Le roi de Jordanie et ses 36 sociétés
Parmi les utilisateurs des sociétés mis au jour par les Pandora Papers, figure notamment le roi Abdallah II de Jordanie. Pour l’aider à acquérir secrètement 14 résidences de luxe d’une valeur de plus de 106 millions de dollars aux États-Unis et au Royaume-Uni, un comptable anglais installé en Suisse a travaillé avec des avocats des Îles Vierges britanniques. Parmi ces résidences, le roi a acheté une propriété de 23 millions de dollars surplombant une plage de surf californienne grâce à une société domiciliée aux Îles Vierges britanniques. Pour cela, 36 sociétés fictives ont été créées entre 1995 et 2017. Des courriels internes montrent qu’Alcogal et son conseiller suisse ont discuté de la manière d’éviter de divulguer le nom du monarque aux autorités des Îles Vierges britanniques. Dans ces documents, les conseillers offshore utilisent un nom de code pour le désigner : « Tu sais qui ».
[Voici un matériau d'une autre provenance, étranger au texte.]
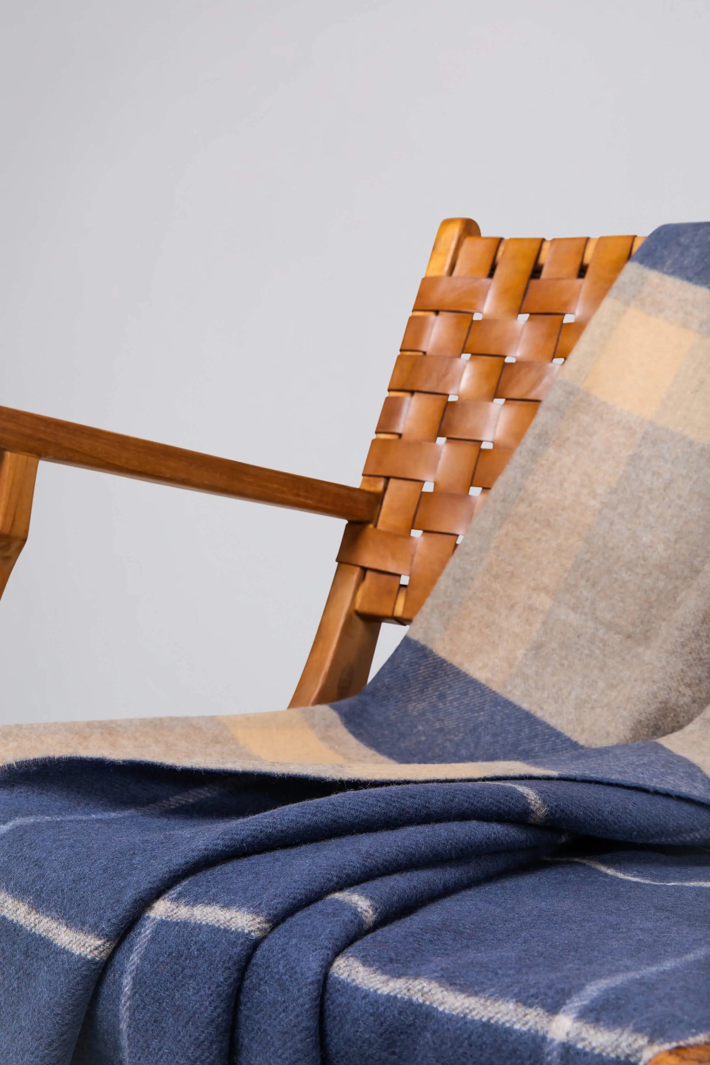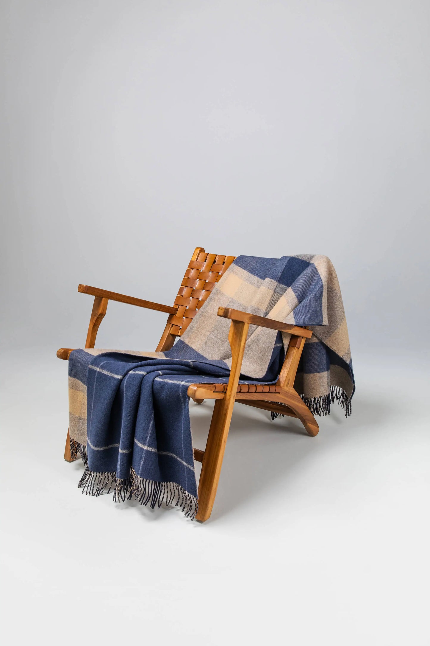 Our Navy Overcheck Double Face Lambswool Throw is made from highest quality lambswool fibres, woven in Elgin, Scotland, offering a traditional and stylish look that mirrors the colours of the Scottish countryside.

Quant au Premier ministre tchèque, Andrej Babis, il a placé 22 millions de dollars dans des sociétés-écrans qui ont servi à financer l’achat du château Bigaud, une grande propriété située à Mougins, dans le sud de la France. Le président équatorien, Guillermo Lasso, a lui logé des fonds dans deux trusts dont le siège se trouve aux États-Unis, dans le Dakota du Sud.
Dominique Strauss-Kahn et le Maroc
Au total, des liens ont été établis par l’ICIJ entre des actifs off-shore et 336 dirigeants et responsables politiques de premier plan, qui ont créé près de 1 000 sociétés, dont plus des deux tiers aux Îles Vierges britanniques. Parmi les personnalités exposées se trouvent également la chanteuse colombienne Shakira, le mannequin allemand Claudia Schiffer ou la légende indienne du cricket Sachin Tendulkar.
Apparaissent aussi les noms de l’ancien Premier ministre britannique Tony Blair, qui a réalisé l’achat d’un bien immobilier à Londres par le biais d’une société à l’étranger, et de l’ancien ministre français Dominique Strauss-Kahn. L’ancien directeur général du Fonds monétaire international (FMI) a fait transiter plusieurs millions de dollars d’honoraires de conseil à des entreprises par une société marocaine exempte d’impôts, selon les documents examinés par l’ICIJ.
Le président kényan Uhuru Kenyatta a ainsi maintes fois affirmé sa détermination à lutter contre la corruption dans son pays et à obliger les officiels kényans à la transparence quant à leur patrimoine. Pourtant, selon le volet des Pandora Papers qui lui est consacré, le chef de l’État kényan possède une fondation au Panama, et plusieurs membres de sa famille directe possèdent plus de 30 millions de dollars logés dans des comptes off-shore.
Créé en 1997 par le Centre américain pour l’intégrité publique, l’ICIJ est devenu une entité indépendante en 2017. Son réseau compte des journalistes d’investigation dans plus de 100 pays et territoires, ainsi que quelque 100 médias partenaires. L’ICIJ s’est fait connaître, début avril 2016, avec la publication des Panama Papers, une enquête appuyée sur quelque 11,5 millions de documents provenant d’un cabinet d’avocats panaméen.